Ella me vio, y detuvo durante un instante sus pasos. Llevaba una carpeta apretaba contra su pecho. Yo tenía la esperanza de que se esté dirigiendo hacia su lugar de trabajo para encontrarse con Thomas, así que la seguí, muy disimuladamente, pero sin preocuparme demasiado por disimularlo porque existían muchas razones por las cuales ambos podríamos estar dirigiéndonos hacia el mismo lugar. La necesidad de enviar una carta, de recoger una encomienda, por ejemplo.
Muchas personas usaban la oficina de correo, todos los días.
Pero ella iba hacia otro lugar. Se paró de pronto frente a un enorme portón de color celeste, lo desplazó e ingresó en un ámbito totalmente desconocido para mí.
¿Qué era ese lugar?
Me acerqué lentamente a ese portón, que ahora estaba cerrado. Traté de percibir algún sonido que provenga del interior de esa edificación rudimentaria, pero no percibí nada, y entonces tomé la decisión de ingresar a ese sitio y encarar de una vez por todas a esa mujer para plantearle lo que me preocupaba. Ya no valía la pena andar con rodeos, porque yo necesitaba descartar opciones y si entre Clarisse y Thomas existía una complicidad yo iba a descubrirlo con sólo preguntárselo a ella. En ese caso, si existía, se pondría nerviosa, me mentiría con una falacia fácil de desenmascarar, y nada más. Pero también podía darme una explicación totalmente lógica y convencional, que me permitiría consagrarme a investigar otros aspectos de la vida de Thomas, otros canales por los que yo podría huir.
Así que desplacé el portón hacia un costado, con todas mis fuerzas, ruidosamente, y, cuando me dispuse a dar un paso en el interior de ese recinto, dos perros negros y altos saltaron hacia mí y empezaron a perseguirme. Yo corrí como nunca antes, porque ellos eran veloces. Busqué la calzada para que ellos se vean obligados a eludir automóviles, y el tráfico me ayudó a despistarlos, incluso uno de ellos fue atropellado por una motocicleta y creo que murió instantáneamente, porque no volví a verlo, pero el otro siguió detrás de mí, y cuando ya estaba a punto de alcanzarme se escuchó un disparo y su cuerpo se desplomó inmediatamente.
Un hombre se acercó a mí con una escopeta en sus manos.
-Casi-dijo, simplemente.
-Muchas gracias-le dije, adivinando que había sido el autor del disparo.

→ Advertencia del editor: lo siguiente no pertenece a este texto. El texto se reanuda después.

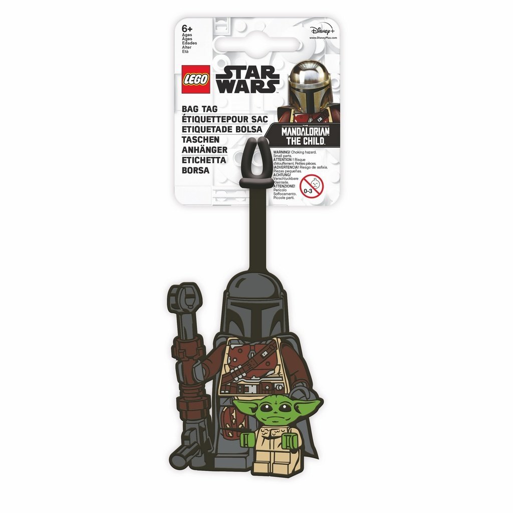 Menovka na tašku vyrobená z ohybného a odolného silikónu. S obrázkami LEGO® minifigúrok Mandaloriana a Dieťaťa a zadnou stranou s priestorom na vpísanie kontaktných údajov.
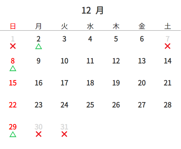 | 不可 | 12月6日 | ~ | 12月9日 | 入庫日から出庫日の間(7日)に「×」があるため不可 |
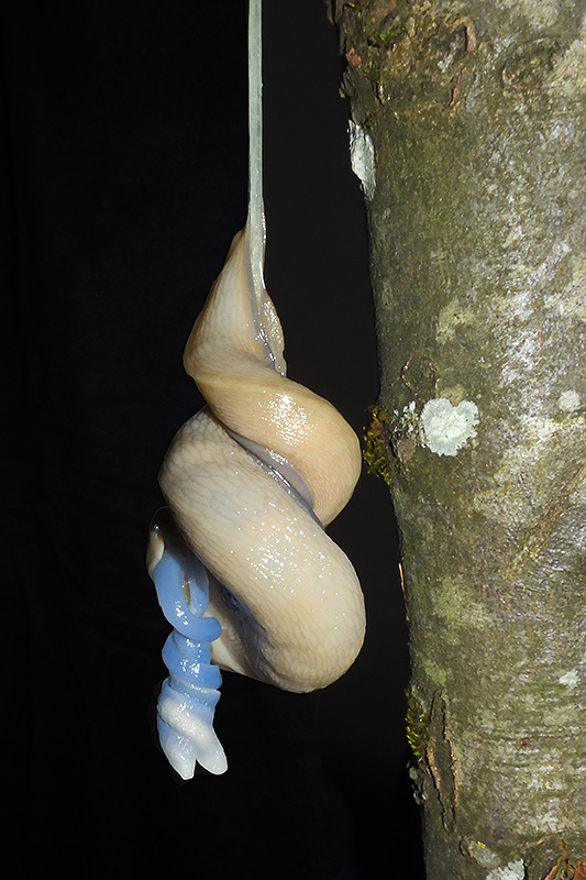 Paarungsablauf Limax cf. strobeli Die endgültige Länge des Schleimfadens variiert von etwa 30 cm bis zu gemäss Literaturangaben 100 cm. Bei dieser Paarung weist der Schleimfaden eine Länge von 62 cm auf. Informationen zum Tier: Art: Blauköpfiger Schnegel (Limax cf. strobeli). |
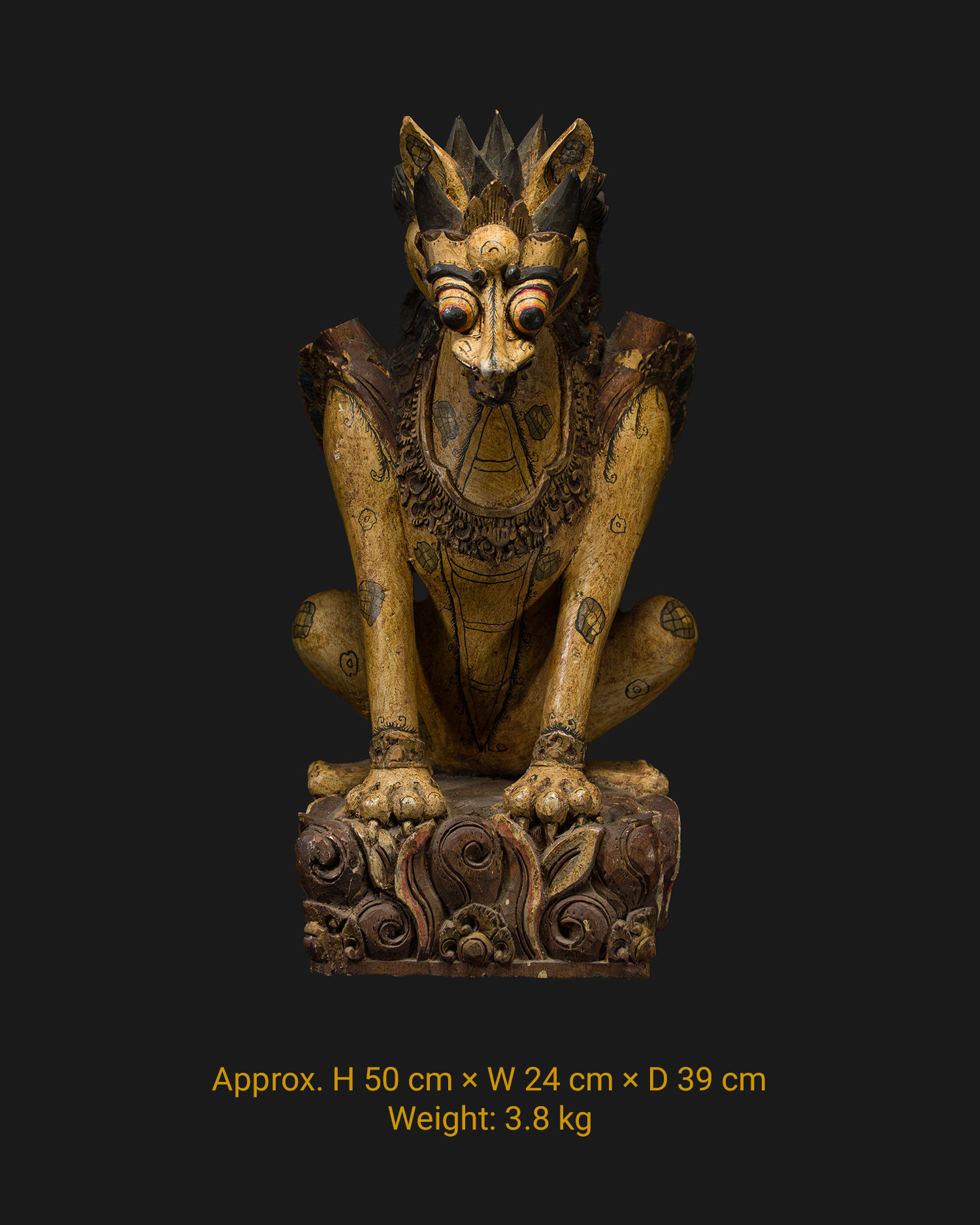 A striking polychrome wood sculpture depicting Singa Barong – a mythical winged lion, known from Balinese and Javanese traditions. The creature is shown in a watchful position, sitting on an ornate base with its mouth open and teeth bared. The figure’s appearance is completed by its distinctive bulging eyes, curled tail and mane. Its body is covered with linear motifs resembling tattoos, its breast is adorned with a wide necklace and its front paws with bracelets. The sculpture was most likely associated with a protective function, both in temple and domestic spaces.

-Creo que alcanzó a morderlo-dijo, mirando mi mano derecha, la cual estaba manchada de sangre-. Acompáñeme, le ayudaré a desinfectar la herida. Hay que hacerlo rápido.
No, no me había mordido. Yo me había lastimado al caer al suelo cuando el disparo me ensordeció, pero estaba tan aturdido, tan cansado, que decidí acompañar a ese hombre hasta su residencia, donde me colocó una venda con un líquido alrededor de mi mano, mientras una mujer y una niña lo contemplaban en la macilenta claridad de un comedor bastante arcaico.

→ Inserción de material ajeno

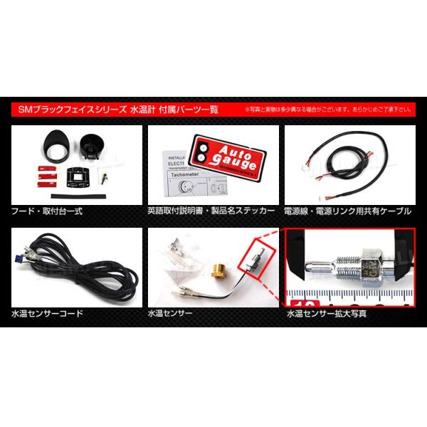 水温計 オートゲージ 黒 52ミリ スイス製ステップモーター スモークフェイス 追加メーター 車 ホワイトLED SMシリーズ AUTOGAUGE
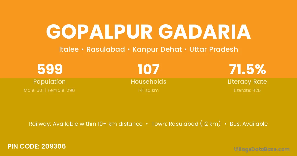 Rasulabad (12 km) is the nearest town to Gopalpur Gadaria village for major economic activities and is located approximately 12 km away.
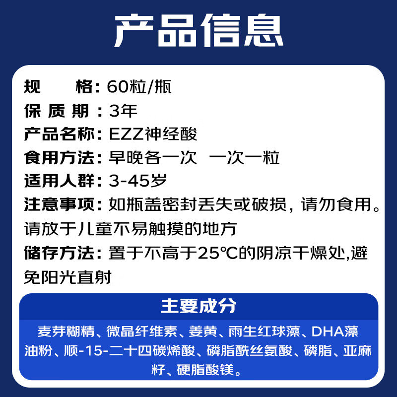 商品名称:【完税进口】澳洲 EZZ 神经酸压片糖果 60粒/瓶
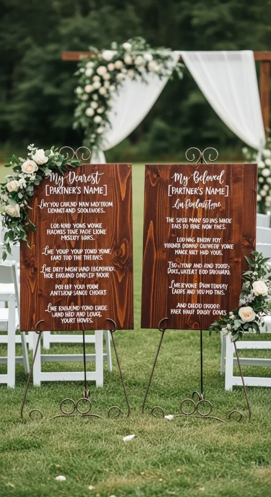Your vows become decor. Have them written or printed on wood, acrylic, or fabric banners. Place them near your ceremony area or reception entrance. It’s a meaningful, artistic touch that guests love to read.

-Con eso estará mejor-me dijo-. Si la mano se pone algo oscura, tendremos que aplicar otras medidas. Yo no andaría por esas calles sin un arma. ¿No tiene una?

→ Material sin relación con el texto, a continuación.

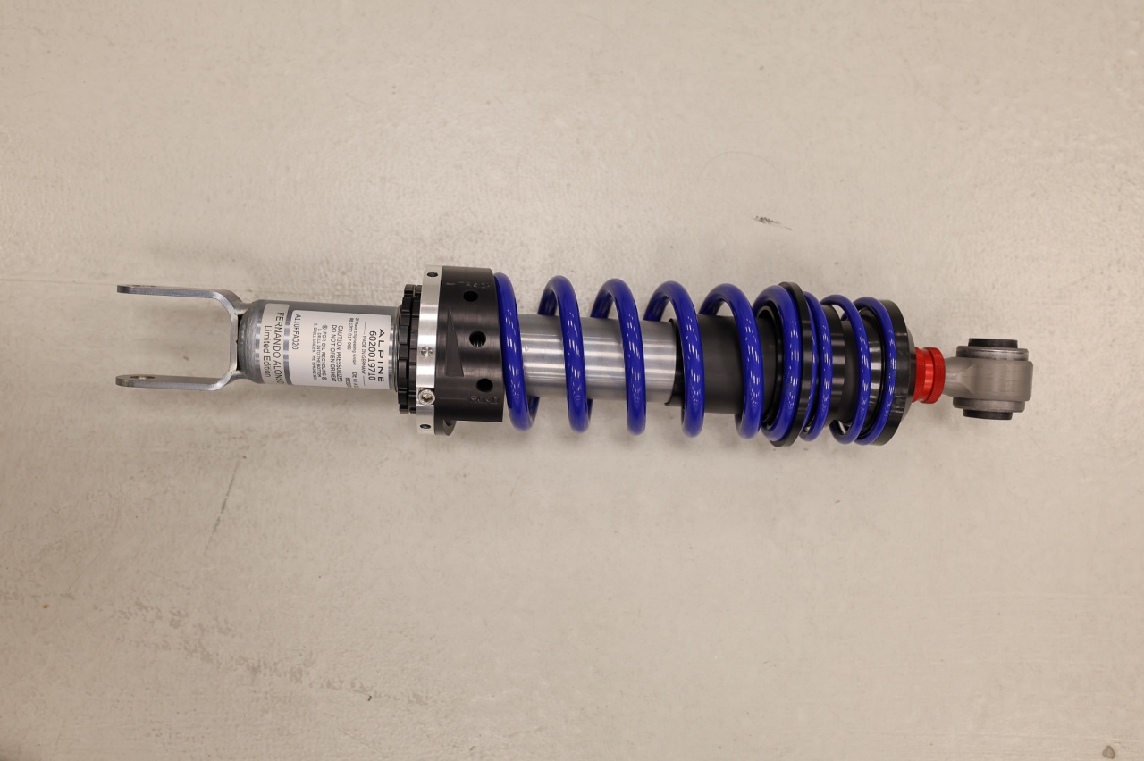 El nuevo Alpine A110 R Fernando Alonso Edition también presenta una configuración específica de chasis. La suspensión se puede regular para reducir la altura de la carrocería en 10 mm para su uso exclusivo en la pista, al mismo tiempo que se ha aumentado la rigidez de la misma en un 5%. Esta configuración de la suspensión de circuito fue aprobada por el propio Fernando Alonso en el circuito de F1 de Barcelona.
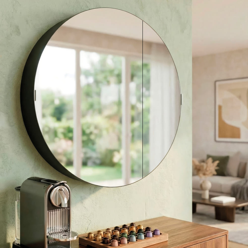 El espejo Canet es la síntesis perfecta entre diseño minimalista y funcionalidad práctica. A primera vista, se presenta como un elegante espejo circular de gran formato con un sofisticado marco en negro mate, ideal para aportar profundidad y estilo a cualquier estancia. Sin embargo, su verdadero valor reside en su capacidad de organización.
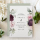 Faites une déclaration avec cette belle faire-part de mariage rose aquarelle fleurie qui comporte des bordures florales de chaque côté du texte élégamment placé. Les couleurs comprennent le rose pâle, le rouge bordeaux profond et le prune mélangés à la verdure éthérée et de minuscules fleurs blanches d'accent. Personnalisez le modèle de texte avec vos informations. Le côté arrière de cette invitation est un vert sage coordonné. D'autres couleurs sont disponibles, ou vous pouvez changer la couleur arrière - plan en blanc ou n'importe quelle couleur de votre choix.

-No-respondí-. Desde que fueron prohibidas no pude conseguir ninguna. Me sorprende que alguien en esta ciudad tenga una. Sí, salí apurado, no me di cuenta. Pensé que a esta hora no ocurriría nada.
-Ahora sí-dijo él-. Ahora puede suceder en cualquier momento. Ya no hay ni siquiera una "hora tranquila". No, ya ni eso. Ayer, a esta misma hora, trataron de atacar a mi esposa y mi hija. Por suerte estaba yo cerca de ellas. Usted también tuvo suerte de haber sido perseguido por un ejemplar, digamos, no muy hábil. De otro modo, no estaría vivo. Algunos son muy veloces, tienen una velocidad que no es propia de un perro, sino de otros animales. Del guepardo, por ejemplo, que es el animal terrestre más veloz del planeta. O, peor aun, la de animales que fueron más veloces que éste y que se han extinguido. Pero que estén extintos no significa que no se pueda obtener de sus restos fósiles algunos componentes. Hubo una especie de tigre, en el Pleistoceno, capaz de alcanzar una velocidad realmente increíble, superior a la que actualmente caracteriza al guepardo.
-¿Qué quiere decir con eso?-pregunté, alarmado.
-Mejor dejemos esta discusión para otro momento-dijo él-. ¿Por qué no descansa? Puede quedarse por hoy en esta residencia. Si lo atrapan ahora en las calles no creo que tenga fuerzas suficientes para defenderse. Además, debo darle un arma, no puedo dejar que se vaya así.
Acepté el ofrecimiento y a eso de las 2 de la madrugada la mujer ingresó a la habitación en la que yo todavía estaba despierto. Me preguntó si necesitaba algo.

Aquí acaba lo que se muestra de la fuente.